In India, the Protestant missionaries had also to contend with Catholics, who had been doing the work of proselytisation for many centuries and south of the Godavary had made Catholicism more or less an indigenous creed.
Within the Protestants there were several divisions. After the Reformation had spread all over Europe hundreds of sects developed from the Protestant matrix. Some of these that are active in India are the Presbyterian, Methodist, Baptist, Anglican, Mar Thoma Syrian Church, Assembly of God and the Seventh Day Adventist.
Martin Luther had declared that the Bible, and not the Pope, was the infallible authority, and that it should be taught to the people in their own language rather than Latin. Liberated from its linguistic shackles, the Protestants took it upon themselves to spread the word of God all over the world. The Society for the Propagation of the Gospel was founded in America in 1701. A few years later, the first Protestant Mission was established in India.
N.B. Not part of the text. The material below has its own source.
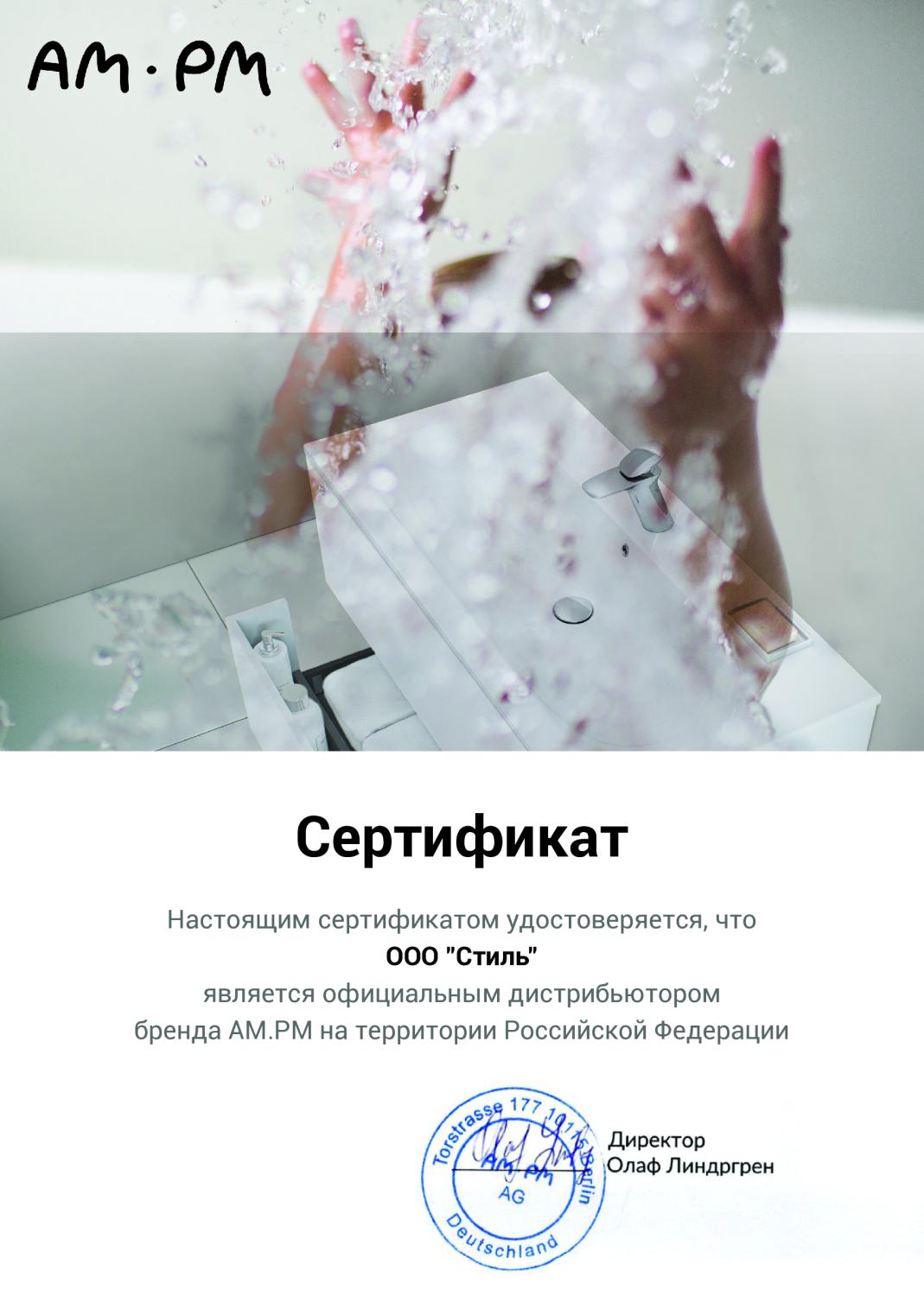 Сертификат официального дистрибьютора от бренда AM.PM

The former Anglicans and most of the Protestants are now united into two great Churches, the Church of South India formed in 1847 and the Church of North India formed in 1970.
Missionary Activity: Christian missionary activity actually came to northern India with the British but the early British were indifferent and at times even hostile to the missions. They being practical, business minded people and traders and having established their entrée pots in India were more interested in profit than proselytisation. Consequently they adopted a policy of remaining neutral in matters of religion. On the other hand, the Spanish and the Portuguese were Roman Catholics and were committed to winning heathen souls for the pope. Their forcible conversions of the natives and their Inquisition in Goa made the Indians hate and fear them.
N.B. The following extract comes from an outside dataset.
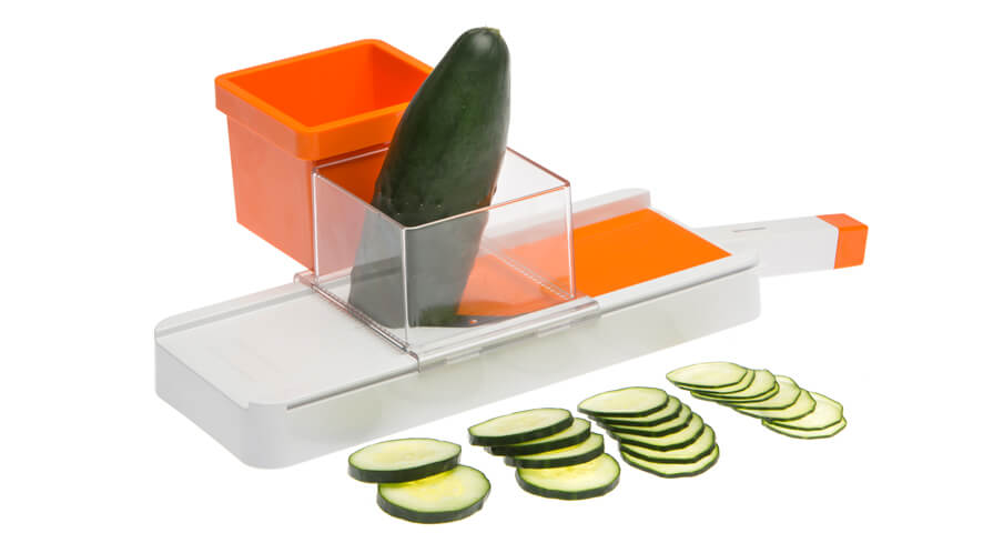 - prilagojena oblika rezalnika omogoča namestitev neposredno na posodo, v katero narežete živila in se tako izognete umazanemu pultu in koščkom živil, ki letijo naokrog.

The missionaries, however, found a great supporter in Charles Grant, who served in Bengal as an official of East India Company. Later, despite the ban which the East India Company had placed on the entry of missionaries, William Carey arrived in India in 1799 to set up his Baptist Mission and printing press at Serampore, near Kolkata.
In England, more missionaries agitated against the ban which was removed in 1813 enabling many religious organisations to send missionaries out to India for evangelical and social work.
By the end of the 19th century many changes had occurred in outlook abroad. Churches had become more active and missionaries were extending the spiritual frontier to the East.
The Serampore Baptist Mission was largely responsible for propagating the gospel in the north-east of the country. By 1818 it was running 127 vernacular schools where ten thousand people received "simple instruction in Christian religion." The famous Serampore College was opened in 1821.
There were ninety thousand Protestants in India in 1851 and by 1871 the number had doubled. More than half had been converted by American missionaries. During the famine of 1891, the Methodists converted fifteen thousand people.
In the second decade of this century, many Protestant missionaries realised that Hindu religious ideas (such as that of bhakti) should be utilised to present the Gospel. The study of Hindu religion was thus made essential for missionaries.
The National Christian Council consists of 19 Indian Churches which include most of the Protestant Churches, the Mar Thoma Church, the Chaldean Syrian Church of the East, as well as the Bible Society of India, the YMCA, etc. The National Christian Council`s Christian Service Agency has provided massive aid and relief to the Bangladesh and Tibetan refugees.